Stored entries:
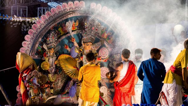 Imagine Disneyworld and the Rio carnival, add elements of Mardi Gras and the celebrations at Tenerife with unique artistic and creative Maa Durga idols on massive floats, each decorated with themes pertaining to today’s reality – education, Indian diversity and communal harmony among others; laar paar shada saree (traditional white sarees with red borders) draped quintessential Bengali women; intricately-designed kurta-wearing and dhunuchi-bearing gentlemen; children performing traditional Indian dances and skits — does that give you a glimpse of the celebrations that erupted on the final day of the revelry? It’s that time of the year when one must visit Kolkata to witness the celebrations first hand. Words don’t do justice to the feeling that underlies it all.
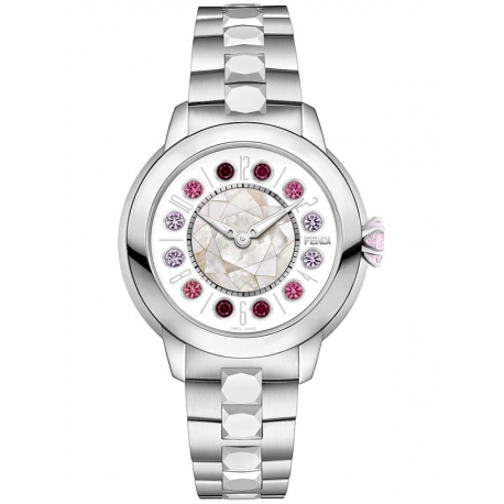 Fendi IShine Rotating Gemstones White Dial Silver Steel Bracelet 33 mm Watch F121024500T01 also known as FOW418A12DF10R3
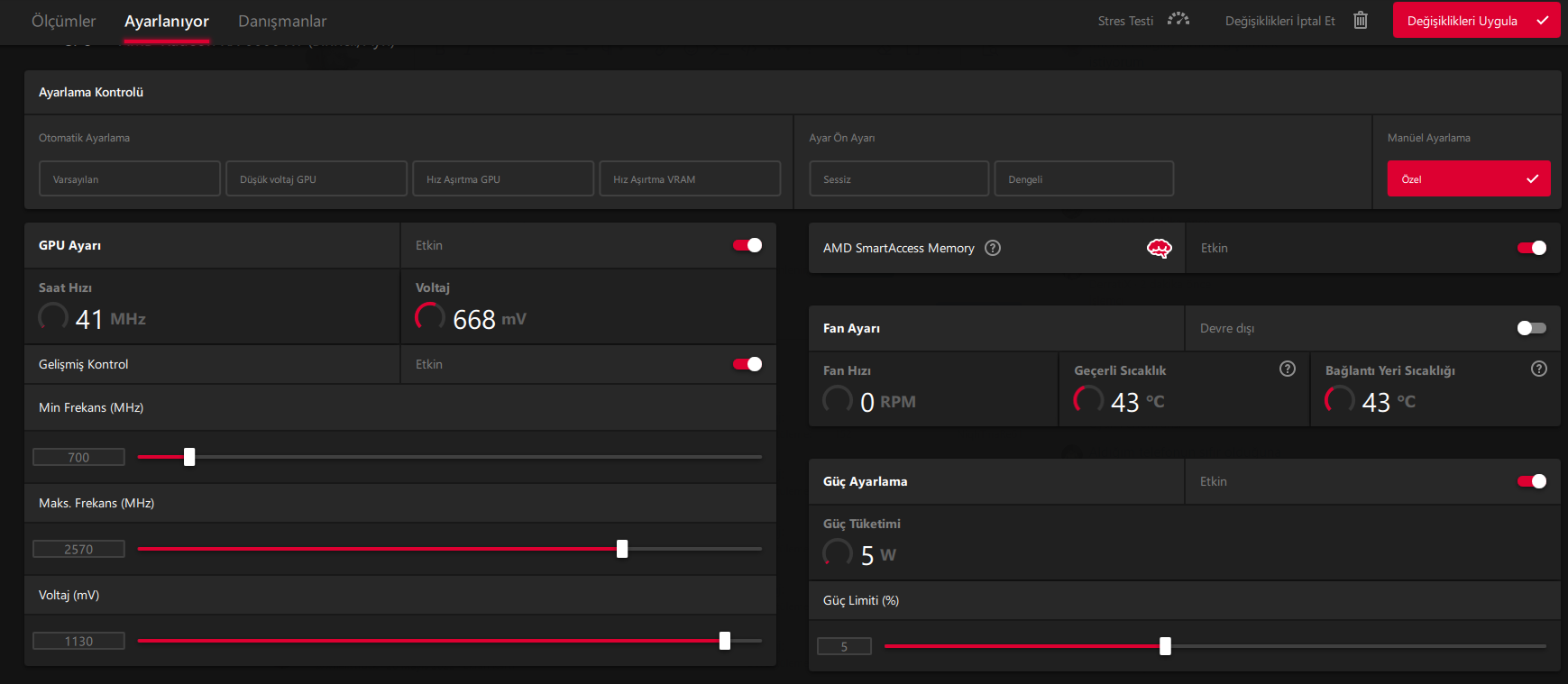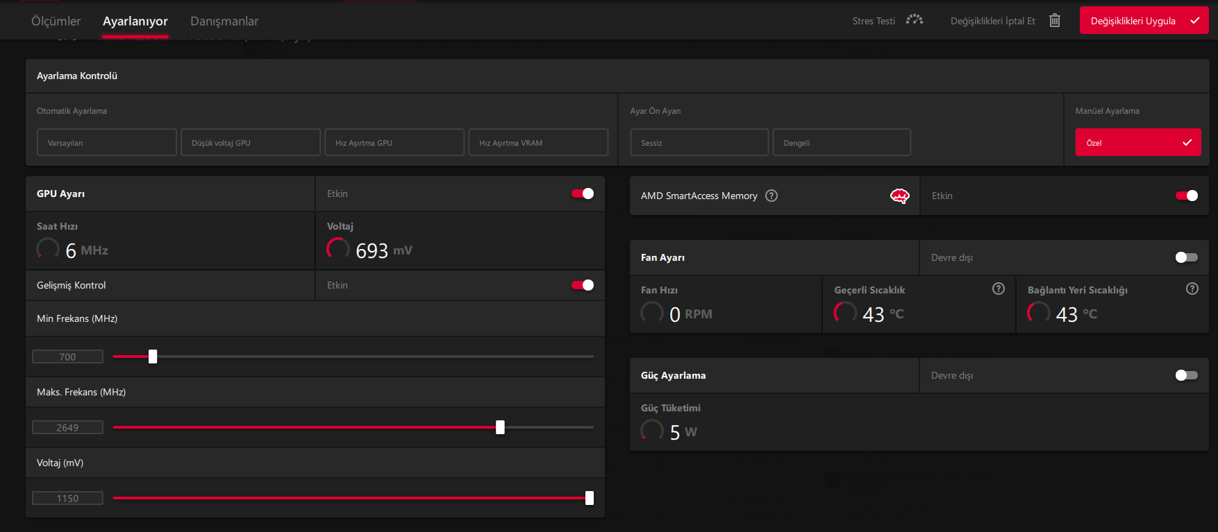 Selam ben bilgisayarı aldığımdan beri WattMan hatası ile uğraşıyordum hızlı başlat kapadım uyku düğmesi falan kapadım chipset güncelledim DDU ile kaldırıp recommended sürümü yüklemiştim(galiba yeni recommended çıkmış emin değilim ama) undervolt ile ilk başta Afterburner ile -100 mv başlayarak denedim(10mv arttırarak denemiştim ama Afterburner zaten kendisi ayarlıyordu eğer ara bir değerde ise) ondan sonra Radeon Software de -100mv başlayıp 6 6 arttırarak denedim hiçbir şey WattMan'ımı çözmedi en çok WattMan veren oyun da roller champions tam ekran alıp oyunu oynayıp çıktığım zaman alıyorum WattMan ne yapmam gerek artık herhangi bir çözümü olan var mı 2-3 günüm tamamen 8 ayda arada bir uzun sürelerim yok oldu bu hata yüzüne yardımcı olursanız sevinirim tekrardan DDU ile kaldırıp yüklemeyi deneyeceğim recommended WHQL sürümü.
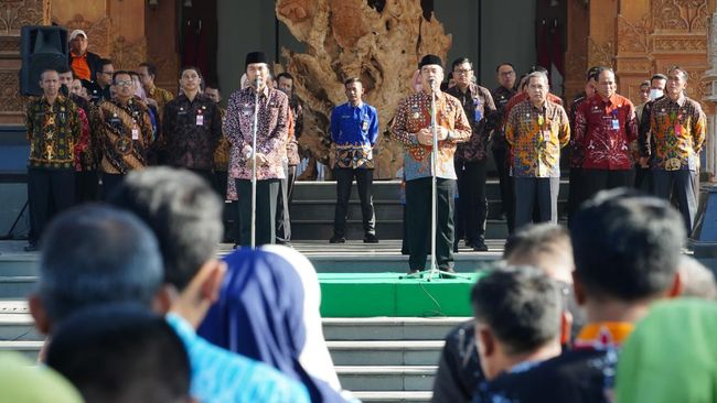 Bupati dan Wakil Bupati yang didampingi istri terlihat mengenakan baju batik. Begitupun Sekda Tontro Pahlawanto, seluruh pimpinan OPD dan ratusan ASN yang mengikuti apel juga mengenakan baju serupa.
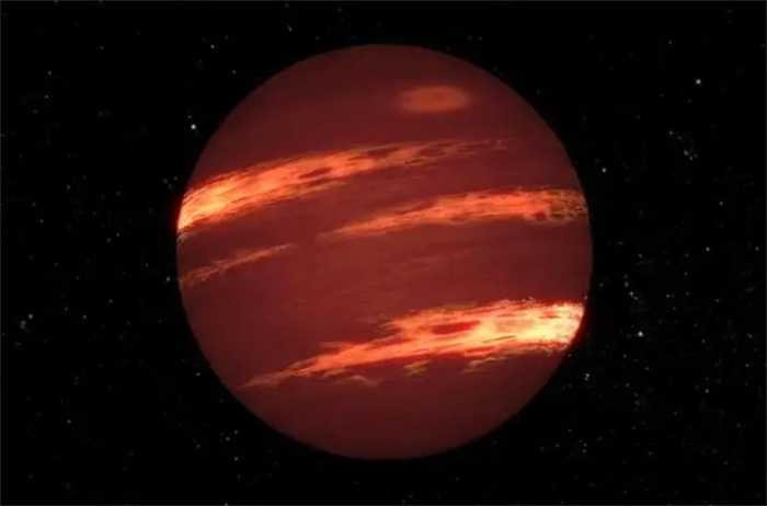 事实上在气态行星与恒星之间,还有一种名为棕矮星的星球,这种星球的质量已经逼近恒星质量下限了,但由于没有额外的质量输入,所以它内部的氢元素无法聚变,只有氘在燃烧,这就导致从外表看去它是一颗棕红色的气态行星,表面也有类似木星的条纹。
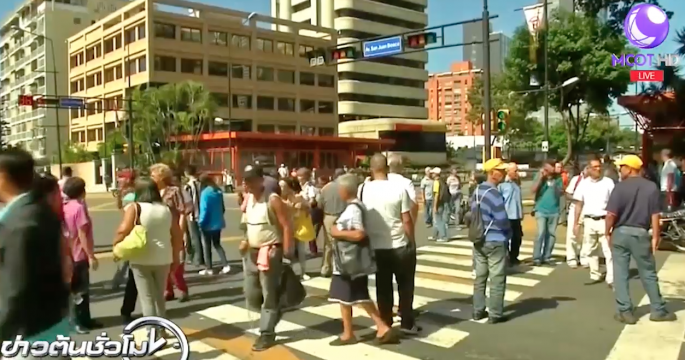ผู้รับเงินบำนาญชาวเวเนซุเอลาหลายร้อยคน มารอต่อคิวกันตามหน้าธนาคารหลายแห่งในกรุงการากัส เพื่อขอรับเงินบำนาญรายเดือนจนทำให้ถนนหลายสายเกิดปัญหาการจราจรติดขัด
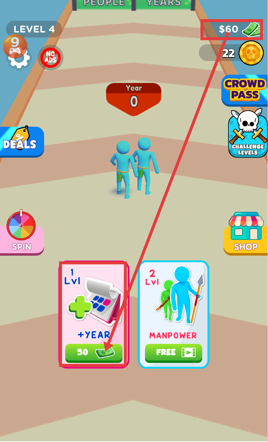 1、在LEVEL-4中,利用【$60】资源升级【+YEAR】,提升文明年份,同时可借助功能增强人力,开启发展进程。
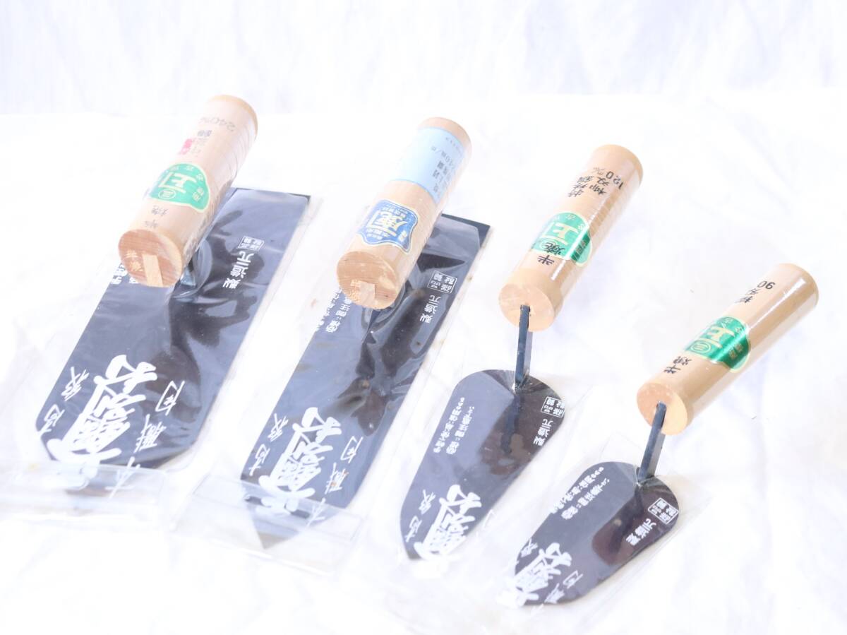 > 90mm 120mm(柳刃) 240mm(半焼 中塗、仕上) 4点 本職用 最高級 正鋼別打 まとめ 左官道具 左官鏝 こて コテ

__TASK STATEMENT__: All entries above are to be reproduced exactly, with no pictures.

__TASK ANSWER__:
 Imagine Disneyworld and the Rio carnival, add elements of Mardi Gras and the celebrations at Tenerife with unique artistic and creative Maa Durga idols on massive floats, each decorated with themes pertaining to today’s reality – education, Indian diversity and communal harmony among others; laar paar shada saree (traditional white sarees with red borders) draped quintessential Bengali women; intricately-designed kurta-wearing and dhunuchi-bearing gentlemen; children performing traditional Indian dances and skits — does that give you a glimpse of the celebrations that erupted on the final day of the revelry? It’s that time of the year when one must visit Kolkata to witness the celebrations first hand. Words don’t do justice to the feeling that underlies it all.
 Fendi IShine Rotating Gemstones White Dial Silver Steel Bracelet 33 mm Watch F121024500T01 also known as FOW418A12DF10R3
 Selam ben bilgisayarı aldığımdan beri WattMan hatası ile uğraşıyordum hızlı başlat kapadım uyku düğmesi falan kapadım chipset güncelledim DDU ile kaldırıp recommended sürümü yüklemiştim(galiba yeni recommended çıkmış emin değilim ama) undervolt ile ilk başta Afterburner ile -100 mv başlayarak denedim(10mv arttırarak denemiştim ama Afterburner zaten kendisi ayarlıyordu eğer ara bir değerde ise) ondan sonra Radeon Software de -100mv başlayıp 6 6 arttırarak denedim hiçbir şey WattMan'ımı çözmedi en çok WattMan veren oyun da roller champions tam ekran alıp oyunu oynayıp çıktığım zaman alıyorum WattMan ne yapmam gerek artık herhangi bir çözümü olan var mı 2-3 günüm tamamen 8 ayda arada bir uzun sürelerim yok oldu bu hata yüzüne yardımcı olursanız sevinirim tekrardan DDU ile kaldırıp yüklemeyi deneyeceğim recommended WHQL sürümü.
 Bupati dan Wakil Bupati yang didampingi istri terlihat mengenakan baju batik. Begitupun Sekda Tontro Pahlawanto, seluruh pimpinan OPD dan ratusan ASN yang mengikuti apel juga mengenakan baju serupa.
 事实上在气态行星与恒星之间,还有一种名为棕矮星的星球,这种星球的质量已经逼近恒星质量下限了,但由于没有额外的质量输入,所以它内部的氢元素无法聚变,只有氘在燃烧,这就导致从外表看去它是一颗棕红色的气态行星,表面也有类似木星的条纹。
ผู้รับเงินบำนาญชาวเวเนซุเอลาหลายร้อยคน มารอต่อคิวกันตามหน้าธนาคารหลายแห่งในกรุงการากัส เพื่อขอรับเงินบำนาญรายเดือนจนทำให้ถนนหลายสายเกิดปัญหาการจราจรติดขัด
 1、在LEVEL-4中,利用【$60】资源升级【+YEAR】,提升文明年份,同时可借助功能增强人力,开启发展进程。
 > 90mm 120mm(柳刃) 240mm(半焼 中塗、仕上) 4点 本職用 最高級 正鋼別打 まとめ 左官道具 左官鏝 こて コテ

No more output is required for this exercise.